Otro sabio dicho popular reza que la diferencia entre un hombre y un niño es el tamaño de sus juguetes, entonces los más pudientes se montan en un convertible o en una moto gigantesca como si estuvieran en los 30, sin barriga y con el pelo negro.

Sí, tal vez hablo desde la envidia por no poder hacer todo eso o no tener los recursos para hacerlo. O tal vez no. No quiero madrugar a montar en bicicleta, no quiero correr hacia ninguna parte en una maratón y no quiero tener una moto gigante. Yo soy un intelectual y me quiero quedar en casa viendo la televisión, oyendo noticias en un radio AM, rastreando datos inútiles en internet y comiendo lo que me gusta sin ningún remordimiento. Soy el anti hombre moderno y lo más lejano a un sexy cincuentón como el impresentable de Gianluca Vacchi, que con esos tatuajes parece un jarrón chino que baila.
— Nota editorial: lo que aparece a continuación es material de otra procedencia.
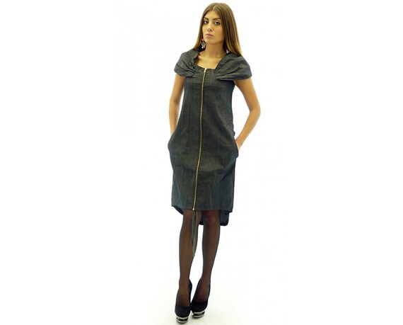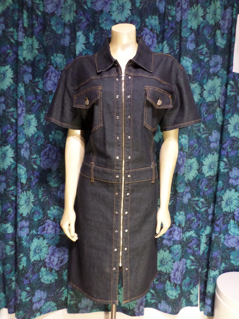 Vintage 90 S Dark Wash Denim Jean Zip Up Dress Plus Size Etsy

Es que uno se conoce y sabe cuáles son sus límites. Vean, hace poco acepté una invitación para ir a un concierto aquí en el centro de una banda que hace covers de The Police, una agrupación que en los lejanos 80 fueron mis ídolos. Les digo honradamente que no tuve vida pensando en la trasnochada, en la hora de salida, en si la silla iba a ser cómoda, en si la música iba a dejar conversar, si iba a encontrar parqueadero y si no me iban a atracar a la salida.
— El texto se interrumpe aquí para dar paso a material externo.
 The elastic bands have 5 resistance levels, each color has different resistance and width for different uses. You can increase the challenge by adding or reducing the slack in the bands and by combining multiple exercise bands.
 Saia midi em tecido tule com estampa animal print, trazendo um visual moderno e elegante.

Para los estándares de hoy fue un evento absolutamente sano. Antes de las 12 ya estaba recibiendo el sereno en Bomboná (poco me faltó para que fuera en bombona) y llegué a mi casa con el estrés de tener que “madrugar” a las siete de la mañana. Casi no me duermo de la ansiedad.

Esa mañana me levanté como si me hubiera bebido la fábrica de licores de Antioquia. A esta edad un trasnocho más allá de las 10 de la noche equivale a un guayabo de tapetusa. Bien dice por ahí un grafiti (antes de los trinos había grafitis): “No crezcan, es una trampa”.

Por no parecer patético haciendo ejercicio o volviéndome vegetariano, seguramente viviré muchos años con esta pésima salud de hierro. Y añorando cuando podía cruzar la frontera de la noche al día, ir a presentar un examen final en la universidad y terminar jugando futbol en la tarde. O a lo mejor, eso es lo que me pasa factura hoy. Creo que mis amigos de la bici y las maratones no disfrutaron la vida lo suficiente.